Het lijkt erop dat Jacobus Anthonie Meessen bij zijn vertrek naar Indië al ambitieuze plannen had. In de later uitgebrachte catalogus Beredeneerde catalogus van Meessen ‘s photographieën van Oost-Indische landschappen en volkstypen (1875) liet de Amsterdamse uitgever J.H. De Bussy een en ander over diens beweegredenen los. “Het was”, schreef de uitgever, “voorzeker een grootsch plan, toen de Heer Meessen het voornemen opvatte, om van verschillende landen en volken in den Oost-Indischen Archipel, fotografische afbeeldingen te vervaardigen”. Een dergelijke onderneming was niet vrij van gevaren, ging de inleider verder: “het fanatiekste bijgeloof maakte het nemen van volkstypen dikwijls bijna onmogelijk, zoo dat niet zelden zelfs van levensgevaar hierbij sprake was”.
Waar Meessen zich na aankomst in 1864 in Nederlands-Indië aanvankelijk ophield, is niet bekend. In 1867 opende hij een fotostudio in Batavia, maar kort daarna dook hij op in Padang op Sumatra. Daar vestigde hij zich tijdelijk in Hotel Sumatra voor het leveren van “Tooverphotographieën, dubbele portretten, amerikaansche familie-portretten, portretten in kleuren”. In 1868 en 1869 voerde hij er een vast atelier. Of de concurrentie van de firma Woodbury & Page op Java hem ertoe bracht zijn geluk op het naburige eiland te beproeven is niet bekend, maar zeker niet onwaarschijnlijk. De reguliere portretfotografie vormde voor Meessen blijkbaar een noodzakelijke financiële basis voor zijn ambitieuze plannen.
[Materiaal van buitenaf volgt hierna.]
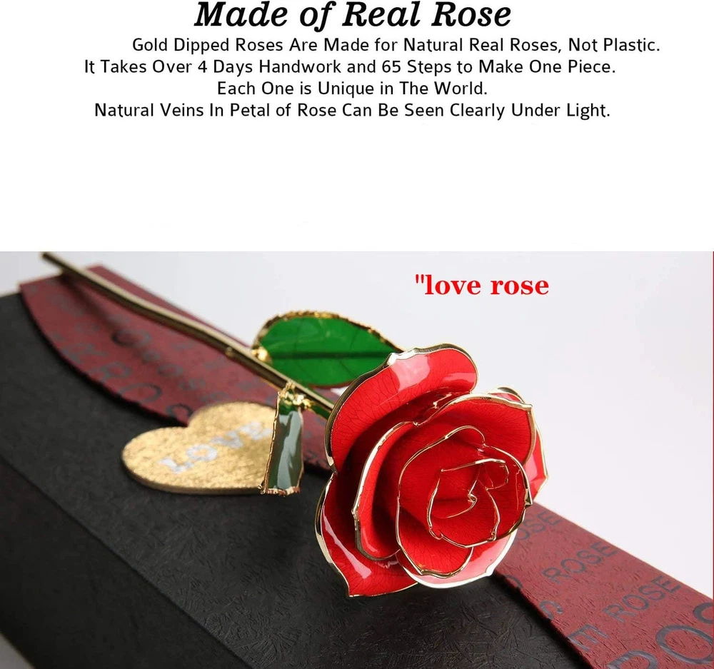 Store New Arrivals Add to Favorite View Feedback Contact Fast deliveries to the customer's home Quality customer service John Make the customers happy! Gold Rose 24K Plated Gold Dipped Rose, Forever Preserved Red Rose Flowers with Stand,Romantic Gift for Valentine'S Day and Anniversary, Best Gifts for Her, Wife,Girlfriend, Mothers Day,Birthday Description 🌹【Perfect protection 】- The stem is completely covered with 24K gold, the petals and leaves are edges with 24K gold, very luxury and bright. Intricate details of the leaves and delicate petals remain visible; The edges and stems are dipped in 24K gold to capture the beauty of both the gold and the real rose. 🌹 【Sweetest Day Gift】-- handcraft allows the dipped roses to never fade or deform, which represents your everlasting love to your significant other! Our eternity rose is original rose gold dipped as a whole and handmade individually– It is a special gift that will Last Forever and symbolizes Eternal Love. 🌹 【15 days of extensive masterpieces 】 Rose- dipped in 24 K gold to preserve the roses for a lifetime. Next, they are dipped and plated in 24K Gold to create a breathtaking masterpiece for your lifetime enjoyment. Creating each rose flower is a time consuming process with over 32 meticulous steps and 15 days of hand work by skilled artisans and technicians. 🌹 【"she" smiles in bloom.】A Real Rose Made Gift For Her, A Loving Message. this makes a unique gift for your significant other on Valentine’s Day, Mothers Day, Thanksgiving Day, Birthday, Christmas, etc... best gift for girlfriend, wife, Valentine's Day, Mother's Day, lover's birthday, Anniversary etc. 🌹【A Romantic and Unique Gift for Her】- 24k gold rose And be with a transparent stand for conveniently placing/display and an exquisite gift box with magnetic closure. There is recessed channels for the rose in the display case interior, each rose is delicately packed in exquisite gift box to.MNIEYU supports "1 year quality policy", 90 days unconditional. Product Description Dipped in 24k Gold& Each rose dipped in 24k gold is naturally different For your wife, girlfriend, mom, great grandma,or female friend, sisters and all your beloved ladies. Rose measures 11.06 -12" approximately. Combined the flower theme and Theme of Love forever. this rose dipped in 24k gold will last and isafitting tribute to your love for each other! forgetabout thesame old red Fresh roses that will only last a few days and buy a luxurious, unique gold rose instead Inaddition to the specific Rose for each anniversary, 24k gold rose can be substituted for most anniversaries if so desired. Gorgeous and unique they are ideal for almost any special occasion. abrilliant appearance that can never corrode, but will retain its stunning elegance for literally thousands of years.Each piece is a unique work of art that is a stunning symbol of long-lasting friendship, beauty and love.The gilded rose can be used as a gifts for Mother's Day, Birthday, Christmas. Great gift for lovers anniversary, wedding engagement, valentines day etc. Item Name: 24k gold rose Color: Red Length:10.06-12 in Ackage Size: 12.5*4.1*3.6 inches Package Weight: 410g Product size (L x W x H): 11.02 x 2.75 x 2.75 In Package size (L x W x H): 12.4 x 4.1 x 3.4 In 24K Gold Rose Artificial Flowers, Love Forever Long Stem Gold Foil Trim Red Rose Flower. Every rose is all handmade by skillful craftsman.Through an extensive process of over 32 steps ensure the delicate details of the petals and leaves remain visible. Faith in Love - The roses stand for the loyalty of love and the gold represents the nobility of love, the combination of the two means the eternity and sturdiness of love. Great gift for lovers anniversary, wedding engagement, valentines day etc.Her gesture, motion, and her smiles,Her wit, her voice people heart beguiles,She likes "it". the best gift things come when you least expect them to. /24k gold rose Display case interior has recessed channels for the rose, Rich packaging, you can show your loved one how much you care by presenting her with this gorgeous and thoughtful token of appreciation. Love, so soft and warm beside , It would have to be to She/ Gold Plating Rose. Best Gifts for Her Gold-plated rose color: red/blue/pink The moral of the red rose is: "I love you". The moral of the Pink rose is:The sincere love. The moral of the blue rose is:You are my one and only. Your Lover / Wife / Girlfriend / Mother Why are you choosing our MNIEYU gilded rose? MNIEYU Rose-beautiful golden appearance and (heart-shaped) packaging. Golden appearance will not corrode and can protect the rose for a long time. Romantic long stemmed rose flower, as the main part of love, also represents eternal love. Girlfriend's Gift √ Birthday √ Christmas Gift √ Mom's Gift √ Wife's Gift √ Sweetest Day Gift √ Wedding √ Wedding anniversary √ Each rose A brilliant appearance that can never corrode . Fresh roses always withered soon.Gold Rose has now artistically combined these enduring symbols into a prestigious gift that lasts an eternity. Representing your unique love! Production process: Artificial pruning+Handmade dipped gold +Handmade Gold plating Package includes: 1x 24k gold rose 1x User's Manual 1x Transparent Stand 1x Gift box Item Package Quantity 1 Plant or Animal Product Type roses Unit Count 1 Count Color Red(with Stand) Product Dimensions 3.14"D x 3.14"W x 11.02"H Material 24K Gold Plated Item Weight 15.4 ounces Indoor/Outdoor Usage Outdoor, Indoor Recommended Uses For Product Gifting, Home Decor Package Information Box Seasons All Scent NO Specific Uses For Product Anniversary,Valentine's Day,Mother's Day,wife,girlfriend Occasion Anniversary,Valentine's Day,Mother's Day,wife,girlfriend Number of Items 1 ABOUT US We offer the best prices around on high quality products. Our E-store includes media such as books, movies, music and games while offering electronics, toys, sporting apparel, clothing, too
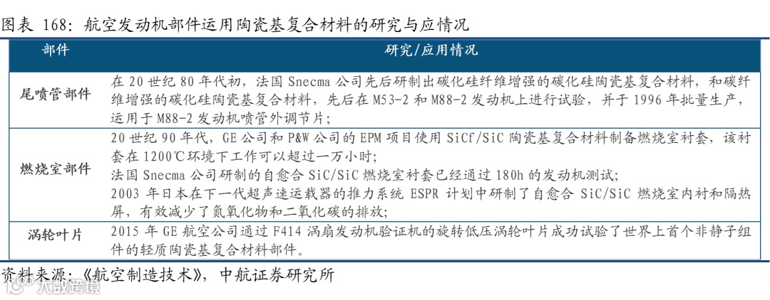 在新一代高性能发动机中,陶瓷基复合材料得到应用。如美国F-119发动机的矢量喷管内壁板、F-414发动机的燃烧室均使用该材料,改进了部件的热力和应力分析,减少了冷却用空气量,在民用发动机方面,罗罗公司trent800的扇形涡轮外环、我国C919的LEAP-X发动机涡轮导向器叶片、壳环也采用陶瓷基材料,其效果已经得到验证。2015年,通用航空GE开始在新型发动机LEAP和GE9X上使用陶瓷基复合材料配件,包括在LEAP发动机上使用陶瓷基复合材料制的涡轮罩环,以及在下一代引擎——GE9X上使用陶瓷基复合材的涡轮喷嘴、燃烧室衬套。随着民用航空业对提高燃油效率的不断追求,通用航空GE预计在今后十年陶瓷基复合材料在航空中的应用将增长十倍。
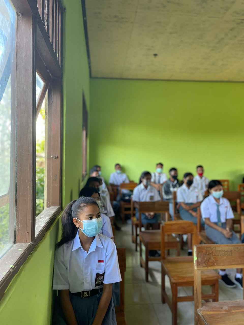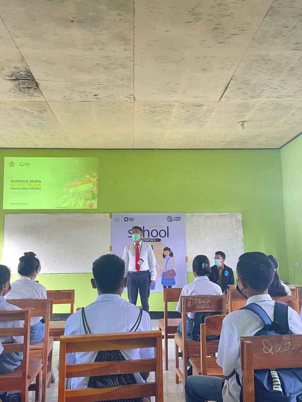 Kepala Kantor Pelayanan Penyuluhan dan Konsultasi Perpajakan (KP2KP) Baa Moh. Rasyid Ridho beserta para pegawai KP2KP melaksanakan salah satu agenda tahunan Direktorat Jenderal Pajak (DJP) Tax Goes to School di Sekolah Menengah Kejuruan Swasta (SMKS) Lembang, Kabupaten Rote Ndao (Senin, 23/8).
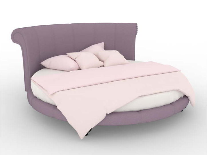 Круглая кровать с высоким изогнутым изголовьем, которое плавно переходит в боковые части, образуя уютный полукруг. Основание цельное, без визуального разделения, обтянуто тканью по всей окружности. Конструкция создаёт эффект защищенного пространства.
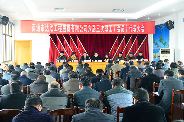 公司六屆三次職工(會員)代表大會于2015年2月26日上午在總部四樓會議室隆重召開。海安縣總工會經(jīng)審委主任陸威生、海安縣建筑工程管理局副局長、建筑工會主席徐培鴻應邀前來參加了會議。
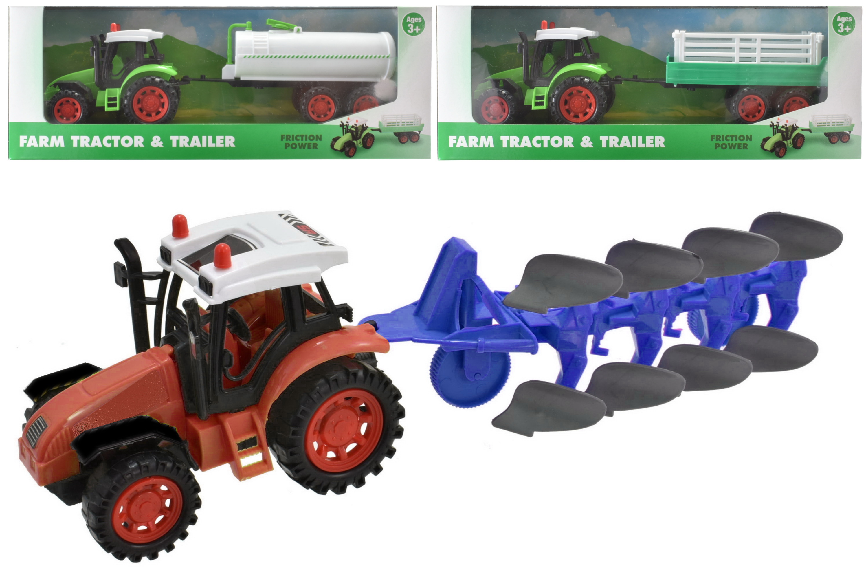Friction Tractor & Trailer or Plough (3 asstd.) (37x13x9cm) (3+ YRS)
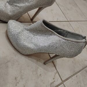 Steve Madden Rhinestone Silver Bootie Heels Sparkle Glam Fashion Size 9.5
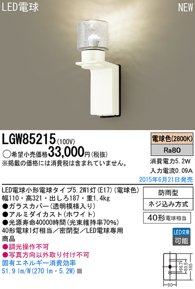 Panasonic LED ¥¨¥¯¥¹¥Æ¥ê¥¢¡¦¥¢¥¦¥È¥É¥¢ LGW85215
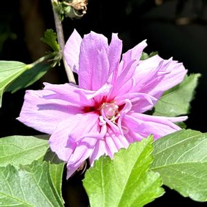 公園の隅っこに色のついた花?を見っけ❗️ ピンク色の花を咲かせたムクゲでした。薄紫色になった花後も残っていて(③)、綺麗でした❣️ フェンスの向う側には白いムクゲも咲いていて、今まで気が付かなくってチョッと損してた~💦

Het lijkt erop dat hij zich op Sumatra voor het eerst serieus richtte op de fotografie van het landschap en het stadsgezicht. In november 1868 bracht hij voor het eerst foto’s én albums onder de titel Sumatra’s Westkust op de markt. Zo’n album bestond uit ruim zestig gezichten. Men kon ook kiezen voor series/afleveringen van 12, 24 of 36 foto’s in een omslag, voor de som van respectievelijk 36, 66 of 90 guldens. In de Nederlandse verzamelingen is tot op heden geen exemplaar van een aflevering in omslag of van een album teruggevonden. Het ligt voor de hand dat Meessen de opnamen die hij in die eerste j a r en op Sumatra maakte later in zijn grote reeks Verzameling Fotografien van Nederlandsch Indië (1875) opnieuw heeft gebruikt. Een advertentie in de Sumatra Courant uit 1868 biedt een aardig overzicht van Meessens aanbod:
-
“No. 1-24. Gezichten van Padang, zoals de Moeara, de Apenberg, het Michielsplein, het Hospitaal, enz.
-
No. 25-32. Gezichten van Singkarah en langs het Meer van Manindjoe.
-
No, 33-42. Gezichten van Fort de Kock, het Karbouwengat en twee van Fort v.d. Capellen.
-
No. 43-48. Gezichten van Paija-Combo en de Kloof van Aroe.
-
No.49-54. Gezichten van Padang-Pandjang en de Kloof van Ambatjang.
-
No. 55-60. Gezichten van Priaman en later bijgekomene van Padangsch omstreken”.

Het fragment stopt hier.